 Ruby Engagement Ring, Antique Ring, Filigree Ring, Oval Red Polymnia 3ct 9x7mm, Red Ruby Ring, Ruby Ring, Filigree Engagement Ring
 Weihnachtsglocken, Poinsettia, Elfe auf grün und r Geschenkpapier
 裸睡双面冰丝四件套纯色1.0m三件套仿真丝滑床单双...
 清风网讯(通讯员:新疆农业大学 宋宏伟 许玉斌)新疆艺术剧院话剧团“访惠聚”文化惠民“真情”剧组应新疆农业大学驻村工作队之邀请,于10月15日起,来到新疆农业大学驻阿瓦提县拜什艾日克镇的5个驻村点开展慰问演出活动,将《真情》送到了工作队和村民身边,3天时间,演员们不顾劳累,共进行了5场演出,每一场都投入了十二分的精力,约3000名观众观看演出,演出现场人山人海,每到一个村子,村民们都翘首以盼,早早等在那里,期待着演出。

---

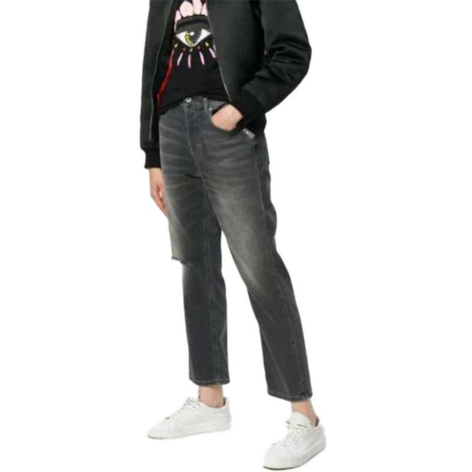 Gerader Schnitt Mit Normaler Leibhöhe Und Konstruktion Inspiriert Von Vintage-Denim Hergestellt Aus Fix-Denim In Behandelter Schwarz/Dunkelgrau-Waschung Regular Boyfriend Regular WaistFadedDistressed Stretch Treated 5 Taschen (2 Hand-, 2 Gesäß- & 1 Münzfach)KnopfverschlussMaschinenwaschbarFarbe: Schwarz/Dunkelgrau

- **Exercise**:
Which lines above run from the one containing "Ruby Engagement Ring, Antique" down to the one containing "裸睡双面冰丝四件套纯色1.0m三件套仿真丝滑床单双..."? Repeat exactly those, both ends included, and nothing else.

- **Solution**:
 Ruby Engagement Ring, Antique Ring, Filigree Ring, Oval Red Polymnia 3ct 9x7mm, Red Ruby Ring, Ruby Ring, Filigree Engagement Ring
 Weihnachtsglocken, Poinsettia, Elfe auf grün und r Geschenkpapier
 裸睡双面冰丝四件套纯色1.0m三件套仿真丝滑床单双...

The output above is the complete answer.